BRIEF DESCRIPTION OF THE FIGURES
[0015] FIG. 1A illustrates an exemplary surprise analysis system,
in accordance with an embodiment of the present invention.
[0016] FIG. 1B illustrates exemplary components of a surprise
analysis system, in accordance with an embodiment of the present
invention.
[0017] FIG. 2 presents a flowchart illustrating a method for
surprise analysis in user reviews, in accordance with an embodiment
of the present invention.
[0018] FIG. 3A illustrates an exemplary surprise detection, in
accordance with an embodiment of the present invention.

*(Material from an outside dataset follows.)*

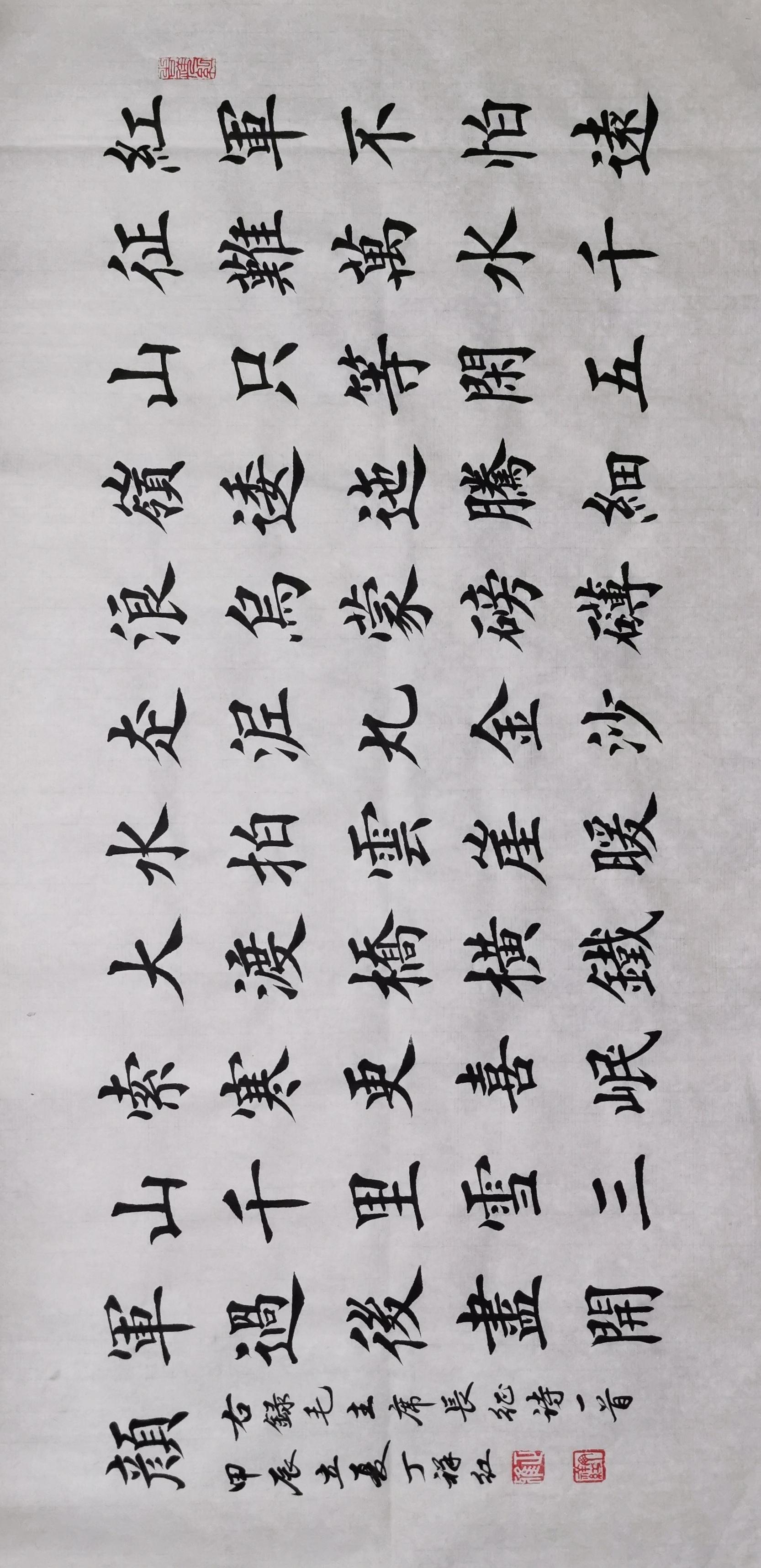 紅軍不怕遠征難,萬水千山只等閒。五嶺逶迤騰細浪,烏蒙磅礴走泥丸。金沙水拍雲崖暖,大渡橋橫鐵索寒。更喜岷山千里雪, 三軍過後盡開顏。

[0019] FIG. 3B presents a flowchart illustrating a method for
surprise detection in a review, in accordance with an embodiment of
the present invention.
[0020] FIG. 4A presents a flowchart illustrating a method for text
analysis of surprises in user reviews, in accordance with an
embodiment of the present invention.
[0021] FIG. 4B presents a flowchart illustrating a method for
feature discovery for the text analysis, in accordance with an
embodiment of the present invention.
[0022] FIG. 4C presents a flowchart illustrating a method for
sentiment analysis for the text analysis, in accordance with an
embodiment of the present invention.
[0023] FIG. 5 illustrates an exemplary presentation interface, in
accordance with an embodiment of the present invention.
[0024] FIG. 6 illustrates an exemplary computer and communication
system that facilitates surprise analysis in user reviews, in
accordance with an embodiment of the present invention.
[0025] In the figures, like reference numerals refer to the same
figure elements.
DETAILED DESCRIPTION
[0026] The following description is presented to enable any person
skilled in the art to make and use the embodiments, and is provided
in the context of a particular application and its requirements.
Various modifications to the disclosed embodiments will be readily
apparent to those skilled in the art, and the general principles
defined herein may be applied to other embodiments and applications
without departing from the spirit and scope of the present
disclosure. Thus, the present invention is not limited to the
embodiments shown, but is to be accorded the widest scope
consistent with the principles and features disclosed herein.
Overview
[0027] Embodiments of the present invention provide a system, which
analyzes surprises in user reviews. Due to ease of access via the
Internet, a large number of users provide review about a business
entity. Such reviews can include surveys (e.g., regarding customer
experience) comprising numerical data (e.g., on the scale of 1-10,
how would you rate the cleanliness of the guestroom), and textual
comments (e.g., a social media post). However, a review can include
a discrepancy. In this disclosure, a review with such a discrepancy
can be referred to as a surprise. For example, in the context of a
customer experience survey about a service, individual numerical
data fields of the survey can indicate a good experience but the
survey can have an negative recommend score (e.g., a low likelihood
of recommending the service). These surprises usually indicate
specific problems, which a business entity can address.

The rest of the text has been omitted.